Task directions » Copy each entry precisely as written, and do not carry over the pictures.

Excerpted records »
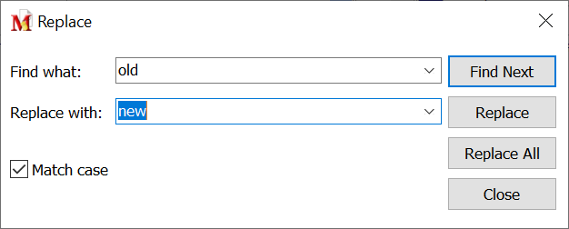 Use this feature to quickly replace a word found in the macro with another. Click on Edit > Replace or Ctrl R to activate the Replace window as shown below.
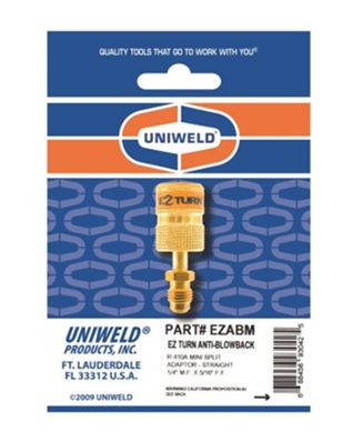 Uniweld Ezabm Ez Turn Anti-Blowback R410A Mini Split Adaptor, Straight 1/4 Inch M.F. X 5/16 In F.F.
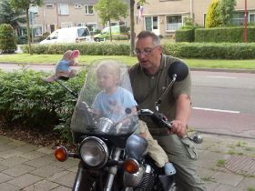 Samen met Papa op de motor.
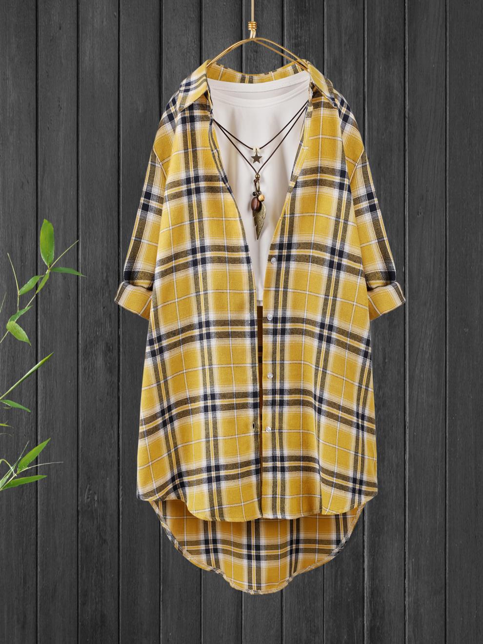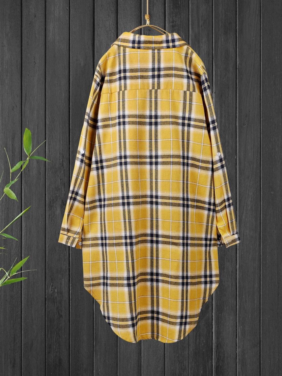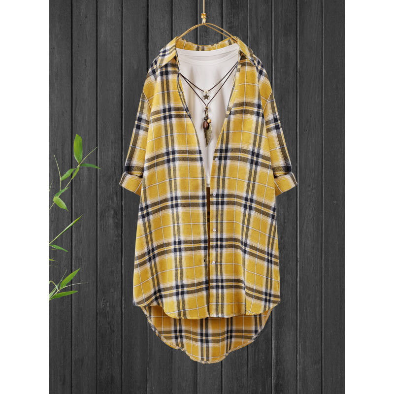 유럽과 미국의 플러스 사이즈 여성 의류 2025 봄 새로운 문학 복고풍 패션 긴 소매 긴 격자 무늬 셔츠스토어 가기
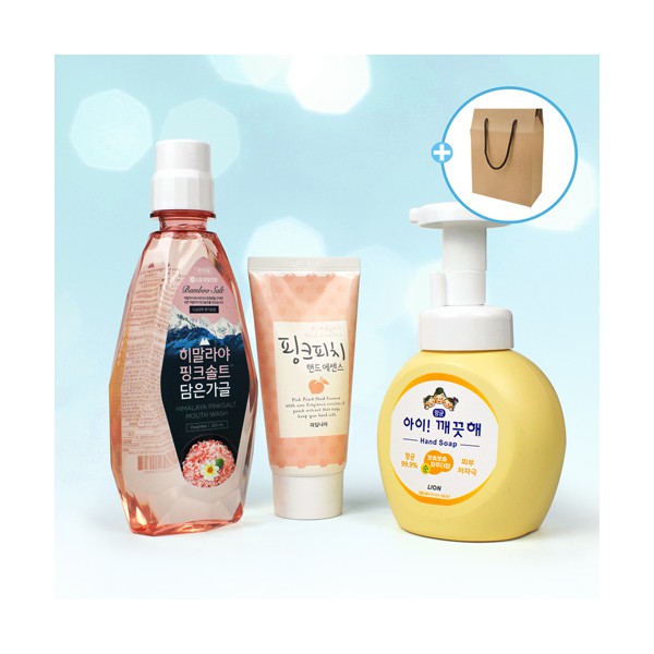 | 기타사항 | LG생활건강 핑크솔트 가글 320ml + 아이깨끗해 핸드워시 + 과일나라 핑크피치 핸드크림 + 끈케이스 스티커 제작 및 부착 별도문의 케이스 이미지 변경 가능, 상세페이지 참조 (어려운이웃 복지사각 / 치매예방 / 금연홍보 / 슬기로운 안전생활) |
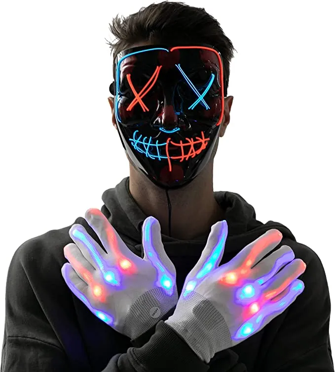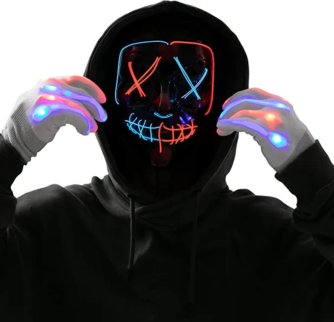 • Halloween Mask LED Light Up includes 1 Halloween Themed LED face Mask and a pair of gloves in blue and red color, making your Halloween party glow in the dark.

Answer to the exercise »
 Use this feature to quickly replace a word found in the macro with another. Click on Edit > Replace or Ctrl R to activate the Replace window as shown below.
 Uniweld Ezabm Ez Turn Anti-Blowback R410A Mini Split Adaptor, Straight 1/4 Inch M.F. X 5/16 In F.F.
 Samen met Papa op de motor.
 유럽과 미국의 플러스 사이즈 여성 의류 2025 봄 새로운 문학 복고풍 패션 긴 소매 긴 격자 무늬 셔츠스토어 가기
 | 기타사항 | LG생활건강 핑크솔트 가글 320ml + 아이깨끗해 핸드워시 + 과일나라 핑크피치 핸드크림 + 끈케이스 스티커 제작 및 부착 별도문의 케이스 이미지 변경 가능, 상세페이지 참조 (어려운이웃 복지사각 / 치매예방 / 금연홍보 / 슬기로운 안전생활) |
 • Halloween Mask LED Light Up includes 1 Halloween Themed LED face Mask and a pair of gloves in blue and red color, making your Halloween party glow in the dark.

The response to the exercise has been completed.